GemmaTransformer#
- class penzai.deprecated.v1.example_models.gemma.model_core.GemmaTransformer[source]#
Bases:
Layer
Top-level Gemma transformer decoder, encapsulating all internal effects.
This class represents the full Gemma model, and can be loaded from the official Gemma checkpoints.
- Variables:
config (GemmaTransformerConfig) – The configuration for the transformer. Although not directly used when the model is called, this can be useful for re-building the model or converting it to autoregressive sampling mode.
body (pz.LayerLike) – The implementation of the transformer. Usually a side-input effect handler wrapping the main sequence of transformer blocks, but may be modified after the model is loaded due to patching.
Methods
__init__
(config, body)from_config
(config)Constructs an uninitialized transformer with the Gemma architecture.
from_pretrained
(ckpt_params[, ...])Constructs a
GemmaTransformer
from an official Gemma Flax checkpoint.input_structure
()output_structure
()__call__
(inputs)Scores log-probabilities for the given inputs.
Attributes
config
body
Inherited Methods
(expand to view inherited methods)
attributes_dict
()Constructs a dictionary with all of the fields in the class.
from_attributes
(**field_values)Directly instantiates a struct given all of its fields.
key_for_field
(field_name)Generates a JAX PyTree key for a given field name.
select
()Wraps this struct in a selection, enabling functional-style mutations.
tree_flatten
()Flattens this tree node.
tree_flatten_with_keys
()Flattens this tree node with keys.
tree_unflatten
(aux_data, children)Unflattens this tree node.
treescope_color
()Computes a CSS color to display for this object in treescope.

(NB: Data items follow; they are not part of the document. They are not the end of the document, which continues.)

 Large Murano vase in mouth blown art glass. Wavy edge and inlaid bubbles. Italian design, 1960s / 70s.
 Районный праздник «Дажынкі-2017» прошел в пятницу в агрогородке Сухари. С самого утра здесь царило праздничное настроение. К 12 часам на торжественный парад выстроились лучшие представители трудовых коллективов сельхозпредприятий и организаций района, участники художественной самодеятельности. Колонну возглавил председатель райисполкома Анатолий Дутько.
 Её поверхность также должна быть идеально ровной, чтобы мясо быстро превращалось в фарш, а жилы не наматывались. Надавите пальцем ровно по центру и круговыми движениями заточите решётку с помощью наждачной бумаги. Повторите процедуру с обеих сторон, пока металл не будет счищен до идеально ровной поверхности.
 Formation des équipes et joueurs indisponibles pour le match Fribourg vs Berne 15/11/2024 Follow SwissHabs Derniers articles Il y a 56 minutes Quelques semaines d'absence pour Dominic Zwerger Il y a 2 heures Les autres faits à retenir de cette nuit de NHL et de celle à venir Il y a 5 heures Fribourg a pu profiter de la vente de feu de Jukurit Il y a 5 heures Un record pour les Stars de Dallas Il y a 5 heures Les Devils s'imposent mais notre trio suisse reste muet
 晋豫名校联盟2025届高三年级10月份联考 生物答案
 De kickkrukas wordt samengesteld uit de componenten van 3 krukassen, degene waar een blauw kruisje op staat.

- __call__(inputs: GemmaInputs) pz.nx.NamedArray [source]#
Scores log-probabilities for the given inputs.
- Parameters:
inputs – Structure of input arguments, containing tokens, segment positions, and an attention mask.
- Returns:
The final matrix of logits from the embedding decoding layer, which (in the normal configuration) will have axes “seq” and “vocabulary”.

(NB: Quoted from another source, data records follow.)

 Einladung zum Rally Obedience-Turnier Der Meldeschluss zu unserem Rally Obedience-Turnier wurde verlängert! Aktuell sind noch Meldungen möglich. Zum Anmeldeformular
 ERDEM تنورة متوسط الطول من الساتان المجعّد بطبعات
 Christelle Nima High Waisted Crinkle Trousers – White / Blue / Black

- classmethod from_config(config: GemmaTransformerConfig) GemmaTransformer [source]#
Constructs an uninitialized transformer with the Gemma architecture.
- Parameters:
config – The configuration of the Gemma model.
- Returns:
A
GemmaTransformer
with uninitialized parameters. All side input effects will have already been appropriately handled.

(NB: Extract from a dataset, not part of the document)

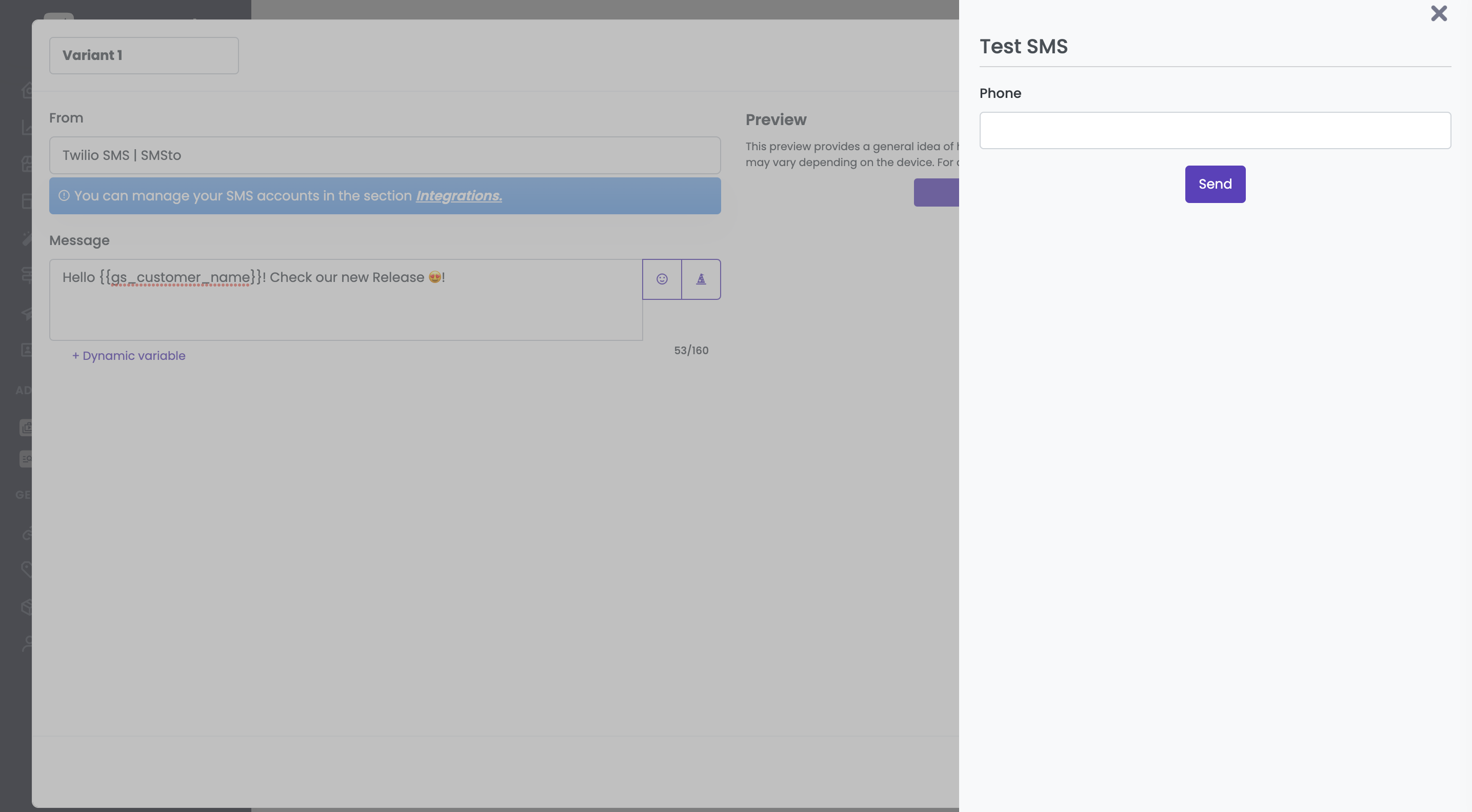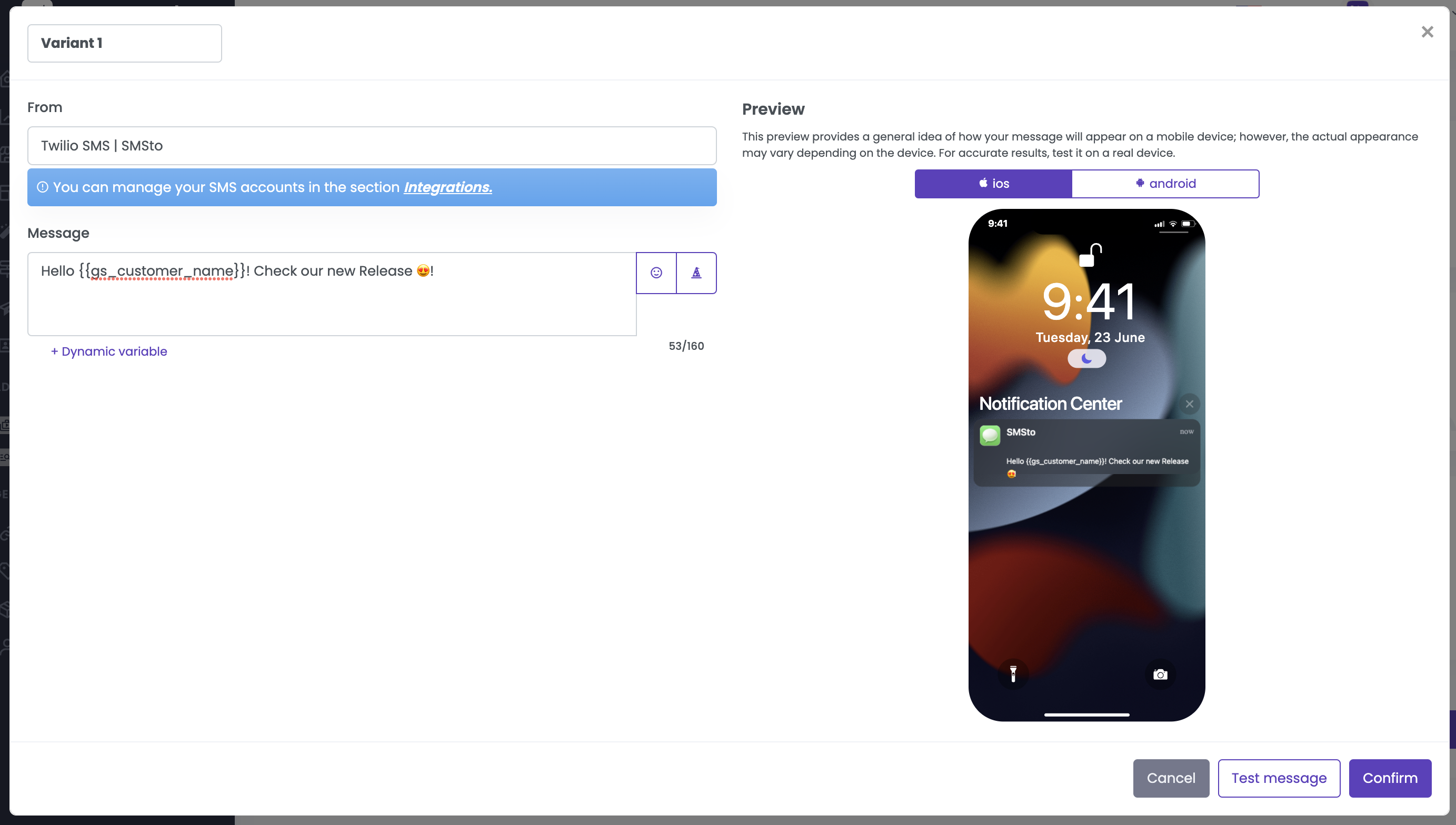 Customize the variant by selecting the sender's account.  If you haven't configured your sms channel channel yet, you can do so in the "[Integrations](https://academy.gopersonal.ai/en/admin-ui/integrations)" section of the platform.&#x20;

- classmethod from_pretrained(ckpt_params: dict[str, Any], upcast_activations_to_float32: bool = False) GemmaTransformer [source]#
Constructs a
GemmaTransformer
from an official Gemma Flax checkpoint.The parameters of the loaded
GemmaTransformer
will be close to those in the original checkpoint with a few modifications:Query, key, and value heads are stored in three separate matrices instead of being stored either as a single matrix (qkv_einsum) or as two (q_einsum and kv_einsum).
RMSLayerNorm
weights have their values increased by one, instead of adding one at call time.Axes of parameters are identified by name instead of by position.
- Parameters:
ckpt_params – Nested dictionary of weights from the Gemma checkpoint.
upcast_activations_to_float32 – Whether to cast activations to float32 when the model runs. This is useful for doing interpretability research at higher precision without consuming additional memory.
- Returns:
A GemmaTransformer model containing the loaded parameters.